__WORK REQUIRED__
Leave out the pictures, and print exactly the lines from the one holding "母の日 父の日 ビール" through the last line of the material.
****************
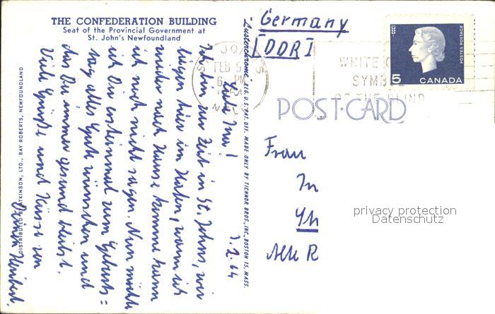 old postcard St Johns Newfoundland and Labrador The Confederation Building postalisch gelaufen Erhaltung siehe scans
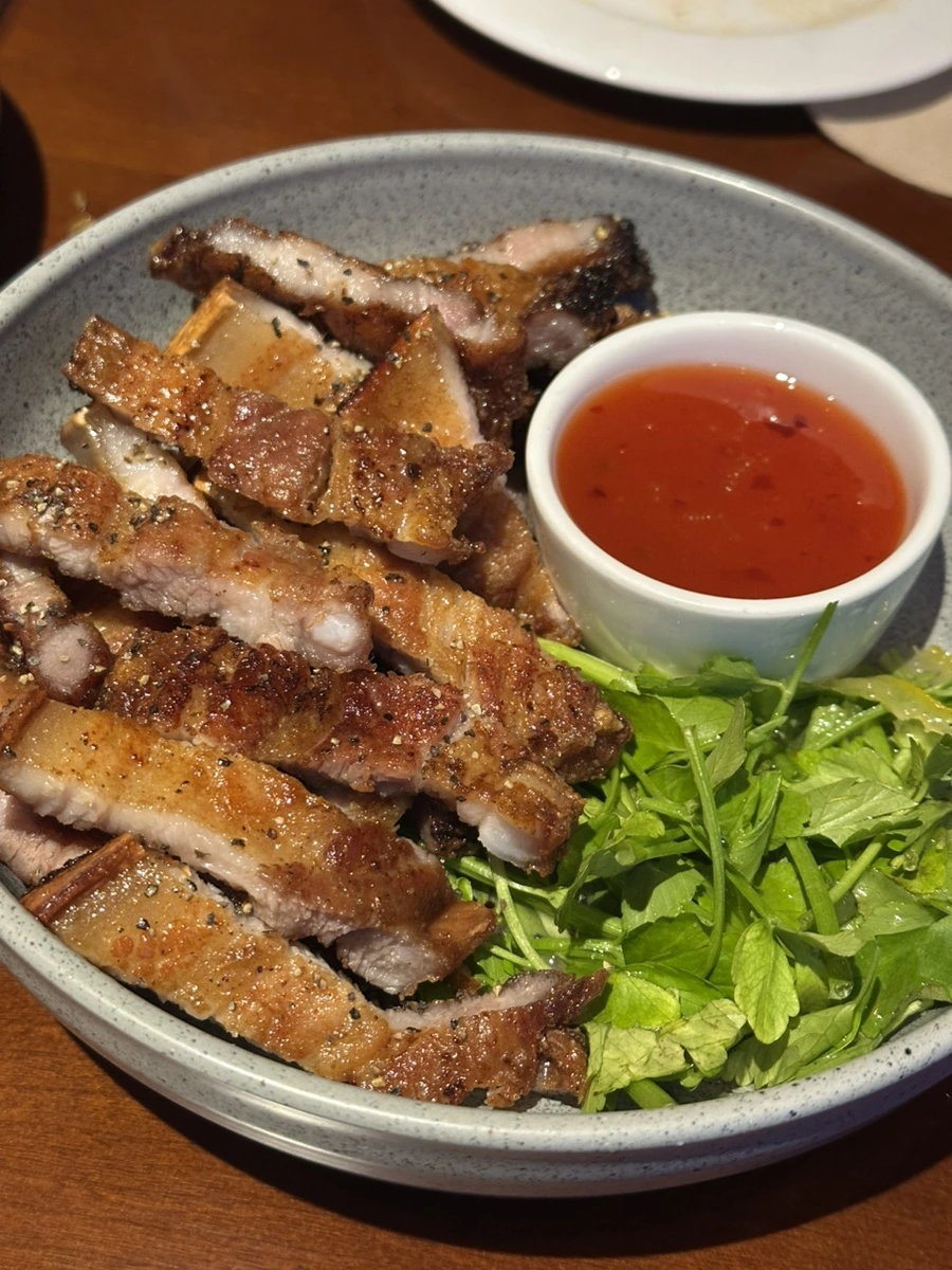 그리고 이건 목살을 구워서 고수와 칠리소스를 찍어먹는 메뉴인데, 아아 이름이 또 생각 안 나네요.. 이게 생각보다 너무 맛있어서 와인과 함께 잘 먹었어요. 바삭하게 구워서 잡내 없이 손이 자꾸 가더라고요. 특히 고수와 칠리소스를 곁들여 먹으니 왜 이리 맛있던지.. 정말 이렇게 새로운 맛도리 조합을 알게 되었어요.
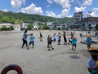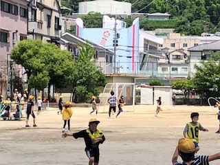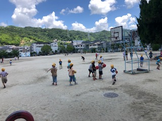 昼休みの運動場です。昼過ぎですが、雲と風のおかげか、暑さが和らぎ、外で尻尾取りオニや運動ができます。先生たちも外に出ています♪
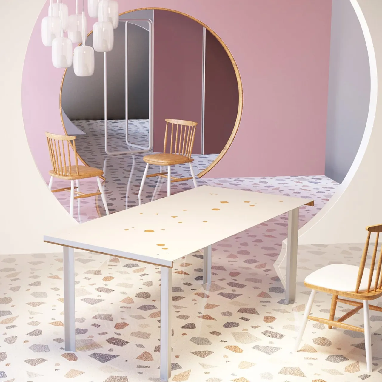 Design originale, produzione di alto artigianato, assolutamente made in Italy. Il ferro si assottiglia, la combinazione di pieni e vuoti e il dialogo tra i materiali si esaltano, i dettagli assumono rilevanza. Le forme geometriche delle forature sul piano del tavolo sono decorative e allo stesso tempo funzionali. Gli inserti in legno di quercia impreziosiscono l’oggetto con un design elegante e contemporaneo. La laccatura bianca lucida conferisce luminosità e un tocco di raffinatezza in più.
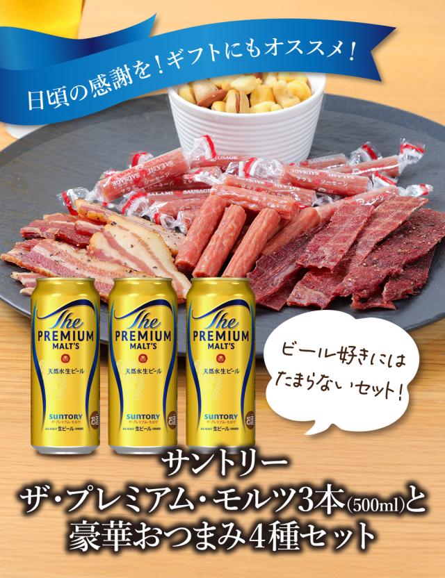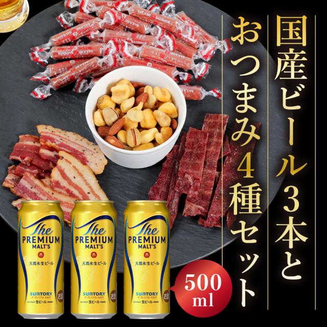 母の日 父の日 ビール おつまみ ギフトセット プレモル 500ml 3本とおつまみ5袋 セット お父さん 誕生日 サントリー ビール お酒 お祝い 結婚式 両親 父 男性 母 女性 父の日ギフト プレゼント 酒 父の日 お酒 おつまみ セット 宮内ハム ナッツ
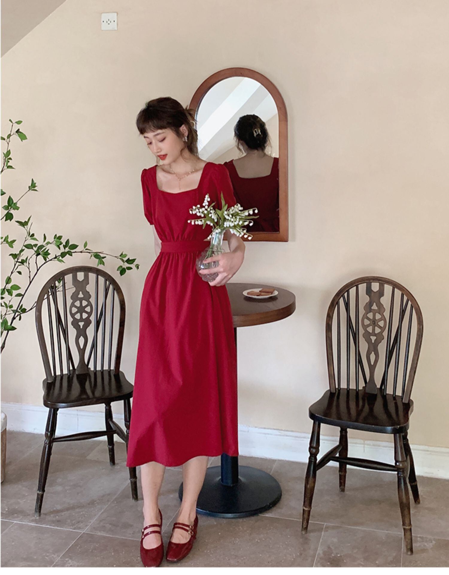 ワンピース 膝下 ミモレ ミモレ丈 ロング 半袖 スクエアネック かわいい 大人可愛い きれいめ シンプル カジュアル 大人 上品 おしゃれ お洒落 大人可愛い 大人女子 こなれ感 ラフ 無地 夏 10代 20代 レディース 女性用 普段使い 韓国 韓国系 オルチャン ファッション コーデ スタイル 楽ちん 体系カバー サイズ S M L 小さいサイズ 大きいサイズ 大きい ゆったり ゆる 色展開 黒 ブラック 赤 レッド | Bonny Me
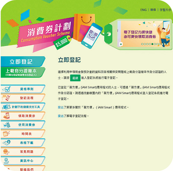 香港文匯報訊(記者 文森)5,000元電子消費券計劃截至昨晨8時,有超過320萬人經網上申請,當中超過270萬人選擇以去年派發1萬元現金計劃的資料進行登記,另有40萬人上載身份證副本申請,10萬人用「智方便」認證身份。為改善「智方便」網上登記出現「塞車」情況,特區政府昨日凌晨3時起更改登記網站設計,選用「智方便」市民須直接透過有關流動應用程式登記,本身有「智方便」賬戶才可登入。
****************
__RESPONSE FOR THIS EXERCISE__
 母の日 父の日 ビール おつまみ ギフトセット プレモル 500ml 3本とおつまみ5袋 セット お父さん 誕生日 サントリー ビール お酒 お祝い 結婚式 両親 父 男性 母 女性 父の日ギフト プレゼント 酒 父の日 お酒 おつまみ セット 宮内ハム ナッツ
 ワンピース 膝下 ミモレ ミモレ丈 ロング 半袖 スクエアネック かわいい 大人可愛い きれいめ シンプル カジュアル 大人 上品 おしゃれ お洒落 大人可愛い 大人女子 こなれ感 ラフ 無地 夏 10代 20代 レディース 女性用 普段使い 韓国 韓国系 オルチャン ファッション コーデ スタイル 楽ちん 体系カバー サイズ S M L 小さいサイズ 大きいサイズ 大きい ゆったり ゆる 色展開 黒 ブラック 赤 レッド | Bonny Me
 香港文匯報訊(記者 文森)5,000元電子消費券計劃截至昨晨8時,有超過320萬人經網上申請,當中超過270萬人選擇以去年派發1萬元現金計劃的資料進行登記,另有40萬人上載身份證副本申請,10萬人用「智方便」認證身份。為改善「智方便」網上登記出現「塞車」情況,特區政府昨日凌晨3時起更改登記網站設計,選用「智方便」市民須直接透過有關流動應用程式登記,本身有「智方便」賬戶才可登入。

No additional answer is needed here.